When the Reserve Bank of Australia cuts the cash rate, variable home loan rates usually fall too, which means lower monthly repayments for most mortgage holders. The catch is that lenders decide for themselves how much of the cut to pass on, and how soon, so a headline cut does not automatically land in your account.
That gap between what the RBA announces and what actually shows up on your loan statement is where most of the money is won or lost. Below is how a cut flows through to you, what it is roughly worth, and the one check that is worth more than the cut itself.
What an interest rate cut actually does
The cash rate is the interest rate the RBA sets at its board meetings. It is the wholesale price of money for banks, and most variable home loans are priced off it, loosely.
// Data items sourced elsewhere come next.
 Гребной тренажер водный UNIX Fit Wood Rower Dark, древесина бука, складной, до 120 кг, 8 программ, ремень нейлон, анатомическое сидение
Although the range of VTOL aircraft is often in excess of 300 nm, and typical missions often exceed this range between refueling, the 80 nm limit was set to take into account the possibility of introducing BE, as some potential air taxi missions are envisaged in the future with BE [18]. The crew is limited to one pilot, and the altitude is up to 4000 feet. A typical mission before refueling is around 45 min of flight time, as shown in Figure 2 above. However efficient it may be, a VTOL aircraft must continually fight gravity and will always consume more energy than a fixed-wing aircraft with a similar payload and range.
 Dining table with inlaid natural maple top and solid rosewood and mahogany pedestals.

So when the RBA delivers an interest rate cut, lenders typically respond by trimming their variable rates within a few weeks.
Typically is the operative word. A lender is not legally required to pass on a cut at all, let alone the full amount, and they do not always move at once. In past cycles some lenders have passed on the full 0.25 percentage points, others have kept a slice for their margin, and a few have quietly dragged their feet on the timing. Fixed rate loans, meanwhile, do not move with the cash rate during the fixed term, so a cut does nothing for you until that term ends.
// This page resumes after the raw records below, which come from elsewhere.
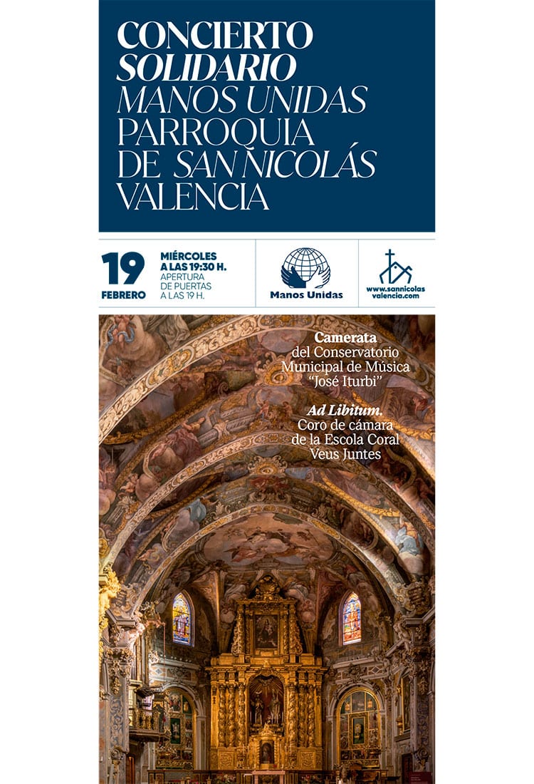 La Parroquia de San Nicolás de Valencia acogerá el próximo miércoles 19 de febrero, a las 19:30h, un concierto solidario organizado por Manos Unidas. La recaudación íntegra del evento se destinará a los proyectos activos de la ONG, enfocados en la lucha contra la pobreza y el hambre en el mundo.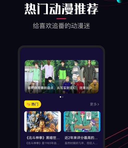 《囧次元》能为用户提供热门动漫,app内设置了动漫评分榜、排行榜等榜单,支持用户从这里挑选热门的动漫观看。此外,软件提供看图猜动漫等小游戏,让用户了解更多动漫内容。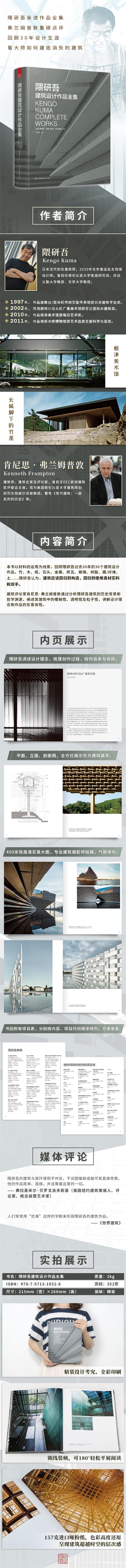 這本《隈研吾建筑設(shè)計(jì)作品全集》由隈研吾親自撰寫(xiě)前言闡述自己的職業(yè)歷程和設(shè)計(jì)理念,著名建筑評(píng)論家肯尼思?弗蘭姆普敦重磅點(diǎn)評(píng),精選代表性作品,專(zhuān)業(yè)攝影師拍攝高清實(shí)景大圖,結(jié)合平立剖和細(xì)部詳圖,全方位多角度地再現(xiàn)了隈研吾建筑作品的獨(dú)特魅力。

If you are still mapping out how a loan fits your budget in the first place, our guide on how much can I borrow walks through the repayment maths before you commit.
What a cut is worth in dollars
The honest answer is: less than the headlines suggest, but not nothing. A 0.25 percentage point cut on a $600,000 variable loan saves roughly $90 a month, assuming your lender passes the cut on in full. Scale that up or down with your balance.
A few caveats worth keeping in mind. The exact figure depends on your loan size, your remaining term and how the saving is applied. Some lenders automatically lower your repayment, while others keep your repayment the same and simply shorten the life of the loan. Neither is wrong, but they are very different outcomes for your monthly cash flow, so it is worth knowing which one your lender defaults to.
Cuts help borrowers and hurt savers
A rate cut is not good news for everyone. The same move that lowers mortgage repayments also tends to lower the interest paid on savings accounts and term deposits. If you are a saver or a retiree leaning on deposit interest, a cut quietly trims your income.
A rate cut rewards people with debt and taxes people with savings, which is exactly why it is worth knowing which side of that line you are on.
For most households with a mortgage, the borrowing side dominates, so a cut is welcome. But if your offset account or savings are doing real work for you, factor the other side of the ledger in rather than celebrating the cut alone.
The biggest mistake: assuming it was passed on
Here is the part that matters most. The single most common error after an interest rate cut is assuming your lender passed it on. Many borrowers see the news, feel a little richer, and never check whether their own rate actually moved.
Do not assume. After a cut, confirm three things:
- Did your rate change? Log in or check a statement and look at your current advertised variable rate against what it was before the cut.
- By how much? A full 0.25 percentage point pass-through is the benchmark. Anything less means your lender kept a slice.
- From when? Note the effective date. A cut that lands six weeks late has quietly cost you real money.
If your lender did not pass the cut on in full, or your rate was never competitive to begin with, you have more leverage than you think. A quick call asking for a discount, sometimes framed as a retention request, can shave more off your rate than the cut itself. And if that goes nowhere, refinancing to a sharper lender often beats waiting on the RBA entirely. It is worth taking a moment to compare your rate against the market so you know whether you are actually getting a fair deal or just a convenient one.
The table below sums up the order of operations.
| Step | What to do | Why it matters |
|---|---|---|
| 1. Check | Confirm your variable rate moved after the cut | Lenders do not always pass cuts on |
| 2. Compare | Benchmark your rate against current market rates | Reveals whether you are overpaying |
| 3. Ask | Request a discount or retention offer from your lender | Often beats the value of the cut |
| 4. Switch | Refinance if your lender will not budge | Can save more than any single cut |
If switching looks like the move, our walkthrough on how to refinance home loan covers the steps, the costs and the traps before you sign anything.
A note on timing and where to confirm figures
Rate decisions are made at RBA board meetings, and the schedule and the current cash rate can change. The figures here, including the rough $90 a month saving, were last checked June 2026 and are general illustrations, not a forecast of what any lender will do. For the current cash rate and the next meeting date, confirm directly with the Reserve Bank of Australia. Policy and lender behaviour both shift, so treat any number you read, here or elsewhere, as a starting point rather than a promise.
This article is general information only and is not personal financial, tax or legal advice. Your situation, loan and lender will differ, so consider getting advice tailored to you before acting.
The bottom line
An interest rate cut usually means a lower mortgage repayment, but only once your lender actually passes it on, and only if your rate was competitive to start with. The cut is the easy part. The money is in checking what landed, asking for better, and being willing to switch if the answer disappoints. Treat every cut as a prompt to review your loan rather than a gift that arrives on its own.